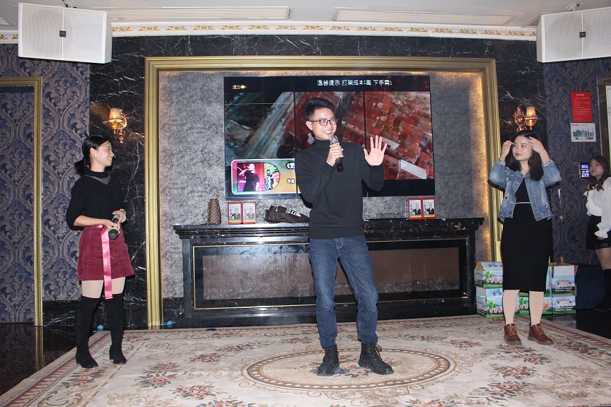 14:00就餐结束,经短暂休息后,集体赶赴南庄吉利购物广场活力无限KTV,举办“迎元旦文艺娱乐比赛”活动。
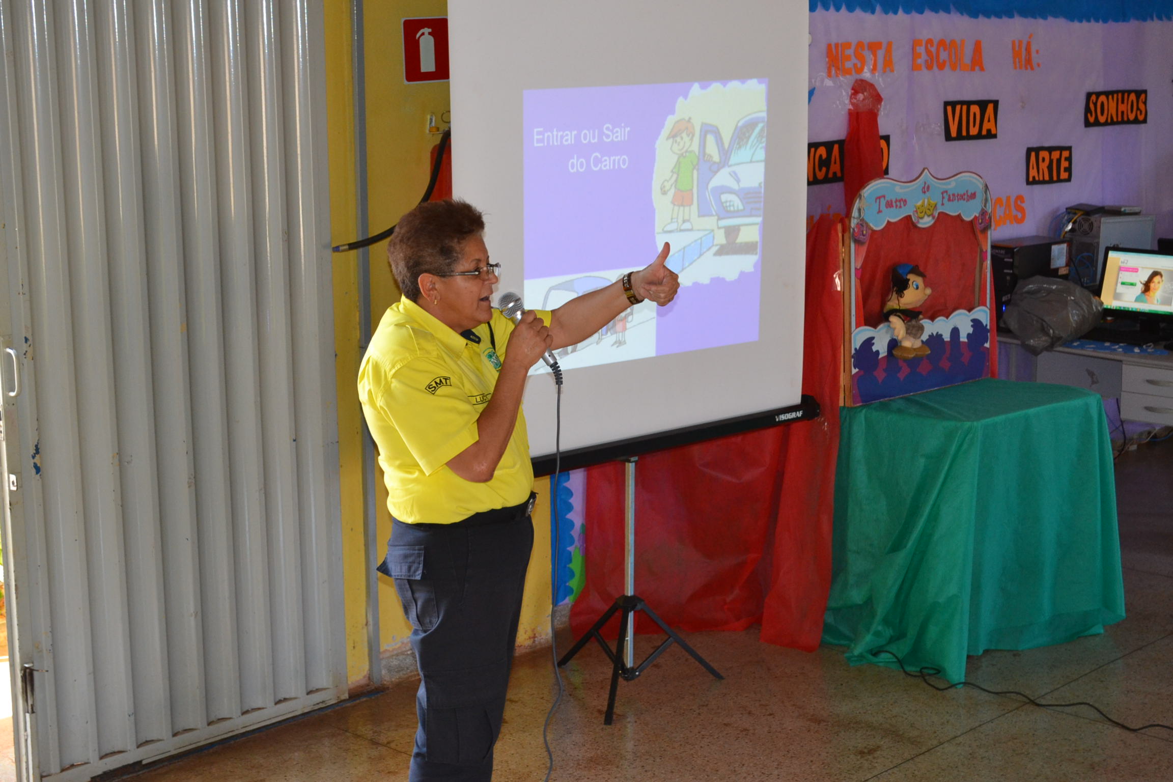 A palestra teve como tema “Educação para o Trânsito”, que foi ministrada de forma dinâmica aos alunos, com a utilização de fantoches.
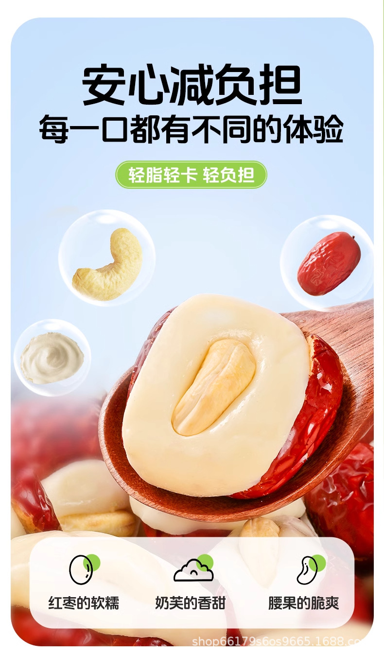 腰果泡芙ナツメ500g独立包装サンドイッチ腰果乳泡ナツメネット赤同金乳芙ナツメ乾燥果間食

#### [ASSIGNMENT]
Transcribe only the lines between the line containing "A palestra teve" and the final line of the listing, inclusive, exactly as they appear; no pictures are to be included.

#### [EXERCISE RESPONSE]
 A palestra teve como tema “Educação para o Trânsito”, que foi ministrada de forma dinâmica aos alunos, com a utilização de fantoches.
 腰果泡芙ナツメ500g独立包装サンドイッチ腰果乳泡ナツメネット赤同金乳芙ナツメ乾燥果間食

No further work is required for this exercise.